Dec 19 2008
Entering the Holy Nights
It has snowed here on Whidbey Island where I live. Snow, and particularly the sustained cold temperatures that keeps the snow on the ground and in the trees, is a rare occurrence here at 70 feet above sea level in the Puget Sound area around Seattle, WA. Yesterday there were essential errands as the weather approached. Today we are not going anywhere we couldn’t walk. We work half-heartedly at the computers, then celebrate by taking the dogs down to the beach to chase gulls. We tend a straggling hummingbird at the feeder (which means bringing the sugar water in at night, and getting up pre-dawn to set it out again for that first desperate feed of the morning). It feels good to be “saving a life”–even one tiny hummingbird’s– in this northern cycle of shortest days/longest nights: but the life I’m really about to save in the heart of winter is my own.

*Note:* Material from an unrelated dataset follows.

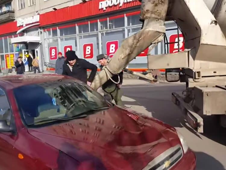 The video shows the man directing a cement truck backing towards a car. He then positioned the chute through the car’s window and motioned the directed to fill up the car. The video showing the act went viral soon beyond Russia, leaving people in wonder and shock.

It’s been an strenuous and rewarding year of PeerSpirit work and travel and interaction with so many wonderful people. There have been conference speeches, and small seminars, and uncountable interactions by face, phone, and internet. And now, all my social energy is spent. I need to be that hummingbird for awhile: to slow down my heart-rate and spend nights curled on a branch somewhere out of the wind, and wake up in the morning with nothing to do but get to that first cuppa tea.
And this is exactly the holiday/holy day gift my partner and I give each other: two weeks of retreat, rest, reading, wandering, letting go of the never-ending-list of things to do. We’ve been doing this for years, ever since her children got on the plane to visit their father at Christmas…and after they were grown, we discovered it’s the only time the business really lets us stop. So, we do.

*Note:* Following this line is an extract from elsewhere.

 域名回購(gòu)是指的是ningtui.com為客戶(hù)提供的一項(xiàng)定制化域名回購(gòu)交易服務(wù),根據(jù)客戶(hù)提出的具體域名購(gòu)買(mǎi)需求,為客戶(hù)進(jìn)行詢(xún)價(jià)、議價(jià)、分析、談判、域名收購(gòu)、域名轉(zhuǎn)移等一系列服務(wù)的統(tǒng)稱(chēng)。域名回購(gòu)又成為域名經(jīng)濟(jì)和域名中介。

The Holy Nights, from Winter Solstice to Epiphany, are a magical time to reflect at the hearth. I turn off the wi-fi in my laptop, write bounce-back messages for the email programs, dictate “we are closed… we are resting…” voicemail messages for the business and private phone lines. And then it’s up to me to have the discipline to truly turn aside from distraction and business and commitments and projects in progress and BE WITH… myself, my story, my life, my spirituality, my sense of mystery and ceremony. Inside, and outside–to follow intuition and instinct rather than obligation and task. Shhhhhhhh. Shhhhhhhhhh. The song of snow, the whisper of waves.
We spend long hours sitting by the fire, enjoying the Christmas tree, writing in my journal, reading novels. We walk in the woods and on the beach and don’t care when we get home. We develop little ceremonies within the days that rise spontaneously out of slowing down and noticing more. I try out new recipes and we linger at the table in long conversation.
Our declared retreat while others are plunging forward with holiday busyness has become a kind of local legend. People smile and hug us at the grocery store in support. They tell us about a party or event with a friendly, “…You’d be invited, of course, but we know you won’t come… because you are holding that other space for us, that quiet. Thank you.”
Every year is a mystery: what will show up, how we’ll respond, how successful we will each be at the art of stopping. This is my last blog entry for 2008–I’ll be back on January 6th, Epiphany, the day of the arrival of the Wise Men and I’ll share whatever learning has come from this time. Whatever you celebrate at this time of year, may you have a few moments of utter calm, peace of mind, quieted heart, and deep, deep knowing who you are and how to proceed with the life you have chosen, and been chosen by.